_TASK GOAL_: Give back exactly the lines from the one holding "Feel yourself at" to the bottom of the material, both included, and nothing more. No pictures.

_DATA EXTRACT_:
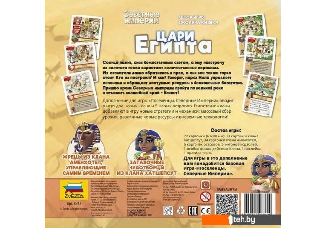 Фотографии, описание и технические характеристики модели настольной игры Звезда Поселенцы. Северные империи. Цари Египта (дополнение) взяты из открытых источников, официального сайта производителя или представительства Звезда в Республике Беларусь.
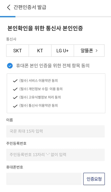 첫 번째 본인 인증으로 휴대폰 문자 인증을 진행합니다. 이름과 주민등록번호, 휴대폰 번호 입력하고 인증요청하시면 됩니다.
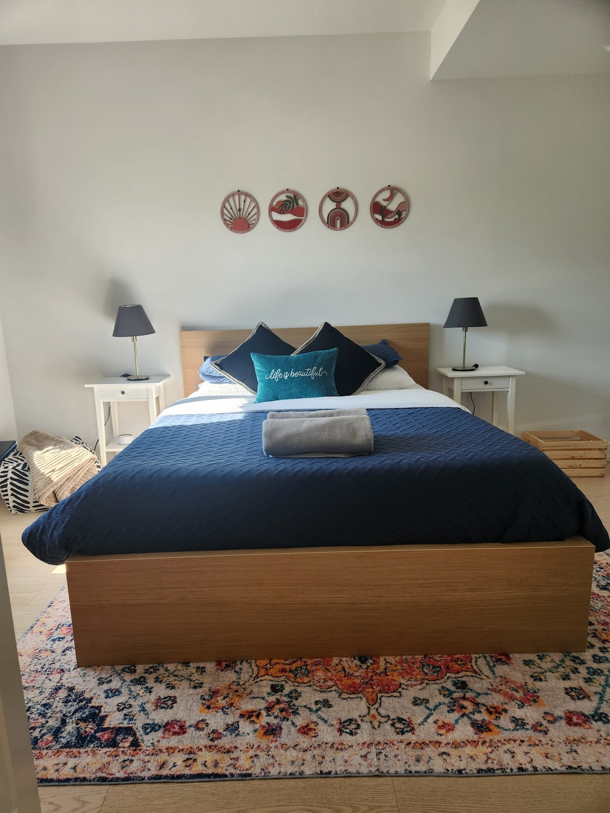 Feel yourself at home in this comfortable private bedroom in our basement. Your room comes with a double-size bed and private bathroom, plus access to a shared living area where we occasionally pass through to reach storage/laundry room. This is a calm, spacious spot to rest after a day of exploring or working. Minutes from 24/7 Circle K, grocery stores, and restaurants 5 minutes drive to Highway 401 24/7 camera monitoring. Make yourself at home—brew your morning coffee, stretch out with a book.
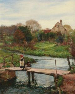 Children On A Bridge With A Cottage

_REPLY TO THE EXERCISE_:
 Feel yourself at home in this comfortable private bedroom in our basement. Your room comes with a double-size bed and private bathroom, plus access to a shared living area where we occasionally pass through to reach storage/laundry room. This is a calm, spacious spot to rest after a day of exploring or working. Minutes from 24/7 Circle K, grocery stores, and restaurants 5 minutes drive to Highway 401 24/7 camera monitoring. Make yourself at home—brew your morning coffee, stretch out with a book.
 Children On A Bridge With A Cottage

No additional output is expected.